He informs me that we’re in charge of having dinner ready by the time they get back. Oliver instructs me.  Garlic from the pantry, stock pot from the second drawer next to the fridge.  Use the back burner as the others take forever to bring water up to a boil.

I’ve picked up enough cooking skills in my life to predict the next step of the process, anticipate what Oliver might need next before he asks.  We work together with ease and in sync.  

There was always a sense of being known by Oliver before he'd ever really known me.  The way he could interpret my thoughts, read between my lines.  I feel that same sense of kinship now: a friendship, _freundschaft_ , that had been there long before he had become my lover.  Recognition of a soul so similar to ourselves the other starts to feels like a scientific constant, a measurable fact.  Our summer in B., 15 years, cocktails at a hotel bar, none of it matters - Our connection simply _is_.  There is no use denying that any more.

The heavy thuds of school bags falling to the floor and the raised voices of brothers already bickering announce the arrival of the next round of my indoctrination in Oliver’s life.  I brace myself to meet Oliver’s sons.

The youngest, still possessing none of the self-awareness that will make such things uncool in a few years time, comes straight to Oliver with a sweet, “Hi dad”.  He hugs him around the middle, his head resting against his belly.  Oliver hugs him back.  The boy has his mother’s coloring but he looks at me with Oliver’s eyes when he says ‘Hello’, shaking my hand with his small palm when I offer.

The eldest, his uniform grass stained and shins dirty, breezes through the kitchen with all of Oliver’s feigned bravura, grabbing a bottle of water from the fridge and mumbling a greeting to his father without even noticing me.  
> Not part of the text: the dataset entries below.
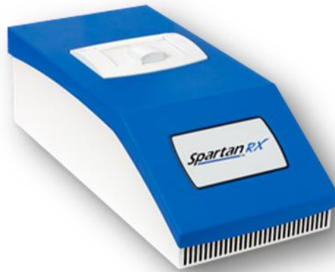
Slika 5: Analizator za CYP2C19 gen a

S druge strane, postoje i problemi koji usporavaju uvrštavanje farmakogenetike i farmakogenomike u rutinsku kliničku uporabu. Prvenstveni razlog su farmakogenetske smjernice koje zasad nisu dovoljno optimizirane, tj. ne pokazuju dovoljnu ekonomsku korist ili ne sadrže dovoljnu razinu dokaza. S obzirom da su cijene testova molekularne dijagnostike i do 100 puta veće od općih biokemijskih pretraga, teško je očekivati da će široki probir na teret zdravstvenog sustava moći biti ostvaren u bližoj budućnosti. Ostali problemi uključuju potrebu za obrazovanjem zdravstvenog osoblja kako bi ono moglo interpretirati rezultate. Problem je i vrijeme za izvedbu samog testa te standardizacija rezultata. Trenutno vrijeme koje je potrebno za izdavanje nalaza [eng. turnaround time (TAT)] nekog genetičkog testa jest ponekad i do mjesec dana, zbog čega bolesnicima s hitnim stanjima farmakogenetičko testiranje nije od koristi. Osim toga, donedavno nije bilo standardizirano ni iskazivanje rezultata, zbog čega je rezultate farmakogenetskog testiranja bilo teško uspoređivati između različitih laboratorija. Tek je prošle godine CPIC ostvario koncenzus kako bi se prilikom izdavanja rezultata rabili ujednačeni pojmovi. 121
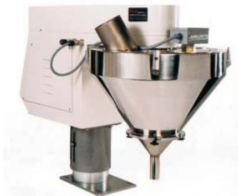
Dosificador sin fin Mod. FDV

Las envasadoras Mod. FV disponen de accionamiento mecánico-electrónico con microprocesador y pantalla display de 14 líneas de cuarzo, además Los Mod. FV - 80 y FV - 60 PLUS cuentan con desenrollador de bobina automático y accionamiento de correas por servo-mecanismo.
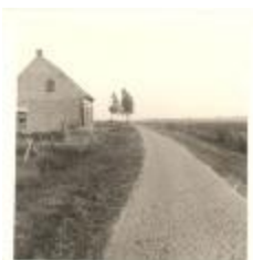
Café Polderzicht in Melselepolder (PCPZ20141121_036)
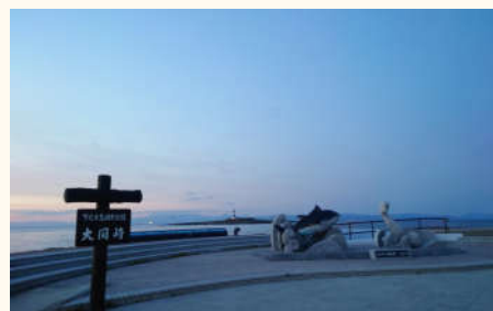
○大間崎まぐろモニュメント

“Hey you,” Oliver says, catching him by the wrist before he can sweep through the room.  He’s tall for his age and lanky.  Someday he’ll stand as high as his father, I’m sure.  On his still boyish face I can make out the construct of Oliver’s features, high cheekbones, elegant chin.

“Where you headed so fast?”

“Homework.”  I was unaware such a banal word could sound so annoyed.  I smirk at Oliver and he rolls his eyes.

“This is my friend Elio.  We stayed with his family that time we went to Italy, do you remember?”

“Not really,” he says, drinking his water.  “I was, like, 8 or something.”

Oliver eyes him, thoughtful and bemused.  “Get cleaned up, dinner in 10.”  But then he reaches for him again, a nurturing hand to his shoulder, and leans down to catch his eyes. He lowers his voice for the boy’s sake.  “Happy day?”

“Yeah,” he says, an unwilling smile passing over his lips.  “Happy day.”

I’m positively enchanted.  It’s easy to imagine father Oliver pulling them, shrieking and rosy-cheeked, on a sled through the snow.  Sitting in patience at the kitchen table working through frustrating math homework.  Using those hands, which had once done the very same for me, to wipe away tears.  I find myself feeling glad for him and those young men.

Stephanie joins us again in the kitchen having changed into clothes, that are both casual and flattering.  She’s smoothed her hair back, put on some lip gloss.   

“Should I open a bottle of wine?”  She offers.

“I shouldn’t…”  I start.

“Sure.”  Oliver says at the same time.  His answer wins.  It’s a red from a vineyard not twenty miles from B.  I wonder if he knows.  Of course he knows.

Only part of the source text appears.